Гавейн водит языком по губам Жорж, словно хочет отмыть их после соприкосновения с его членом.

– Мне здесь, наверху, тебя не хватает, я так люблю чувствовать тебя всюду. Ты не сердишься? – с тревогой переспрашивает он. – Мне нравится больше кончать так.

Он уже устраивается во влажной ямке между ног Жорж, прокладывает себе дорогу, она впускает его. Нет больше ни малейшей неровности, два тела, гладкие, наполненные, вписываются друг в друга изгиб в изгиб. Он лежит в ней, не шевелясь.

– Ты мне не сказала, ты не сердишься? – снова допытывается он, хотя сам прекрасно знает, что нет.

– Уж сейчас-то я не стану уверять тебя, будто мне нравится по-другому! Я так тебя хочу, что, кажется, на всю жизнь осталась бы в позе номер один!

Он смеется от радости. Она смеется его радости. Оба смеются радости друг друга, чувствуя себя хранителями секрета детства. За этим секретом, пожалуй, можно гоняться всю жизнь, говорит себе Жорж.

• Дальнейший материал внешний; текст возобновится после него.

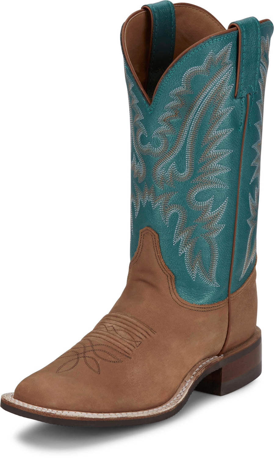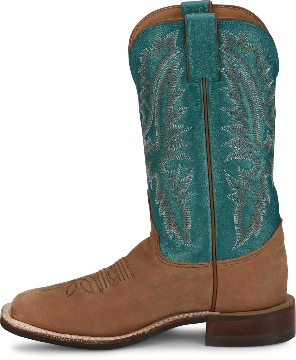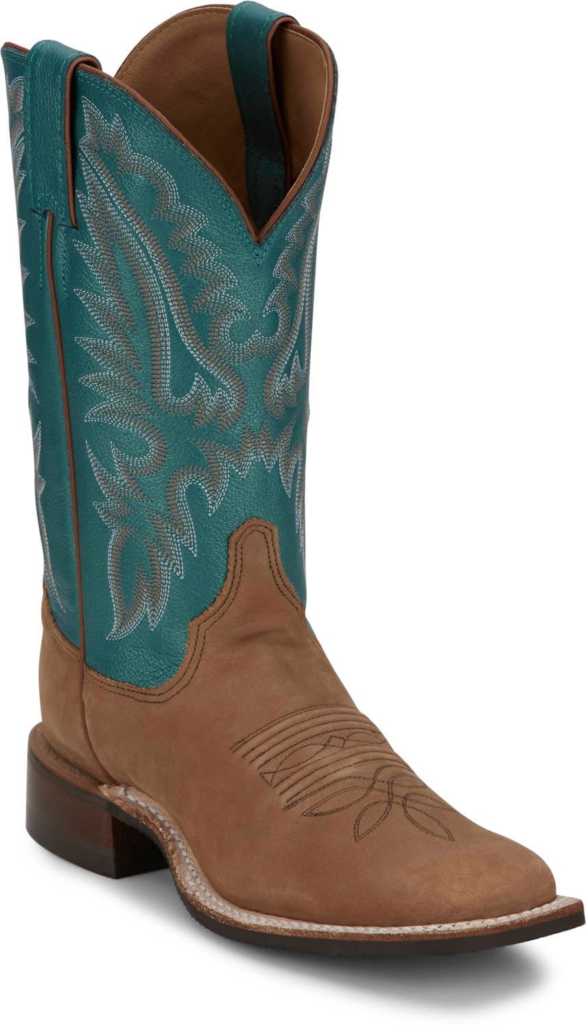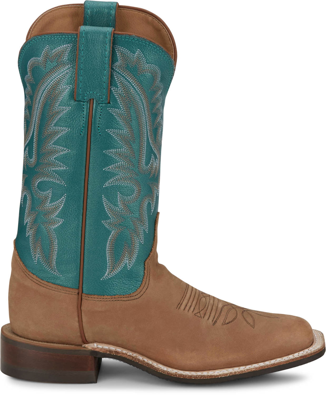 Justin Womens Shay 11in Western Tan/Turquoise Leather Bent Rail Cowboy Boots

Он приходит в движение, медленно, ласково, они целуются, и зубы их стукаются друг о друга, потому что оба еще улыбаются, хотя счастье их очень серьезно.

Во время кратких интерлюдий Жорж порой спрашивает себя, сможет ли она снова… Тем более что хозяйство Гавейна имеет внушительный вид даже после… Она уже обратила на это его внимание однажды, когда он ходил голый по комнате.

– Пока ты поблизости, он не может опасть. До конца не может. Это какой-то ужас! – Гавейн смеется своим мальчишеским смехом. – А уж стоит об этом заговорить – вот, сама видишь… – Он глядит вниз с умилением, как отец на своего несносного отпрыска. Он полон наивной гордости, оттого что нравится ей, и ничуть не стесняется. Его комплексы лежат в другой плоскости. Что касается тела, тут у него все в порядке, и он это знает.

– Надо же! Подумать только – пришлось забраться в тропики, чтобы я увидела, как ты расхаживаешь голышом, и заметила твою аномалию! То есть, лучше сказать, анималию!

Она берет его член в руку, взвешивает его на ладони.

– Пустой, а тяжелый… сколько же?.. Грамм двести пятьдесят, наверно?

Ей нравится льстить ему, говорить глупости, опускаться на колени, как леди Чаттерлей, про которую он не читал, перед Божественным Механизмом. Даже чуточку привирать, чтобы он выказывал еще больше пыла, словом, вести себя как самая примитивная «женщина для утех» и не обуздывать этой развязности, даже какой-то вульгарности, которой она и не подозревала в себе. Еще и за это любит она Гавейна: за эту незнакомку, какой она становится только с ним. Что это за женщина, которая больше не читает по вечерам, чтобы скорее оказаться в его объятиях, одевается согласно его сексуальным критериям, прощает ему его грубость, все его промахи, все, что в любом другом раздражало бы ее, только за ласки, которых ждет от него, только потому, что в ней живет желание – безрассудное, ничем не оправданное? Но с какой стати оправдываться? Что за мания – пытаться постичь секс логически, как математику? Секс не имеет иного смысла, кроме секса.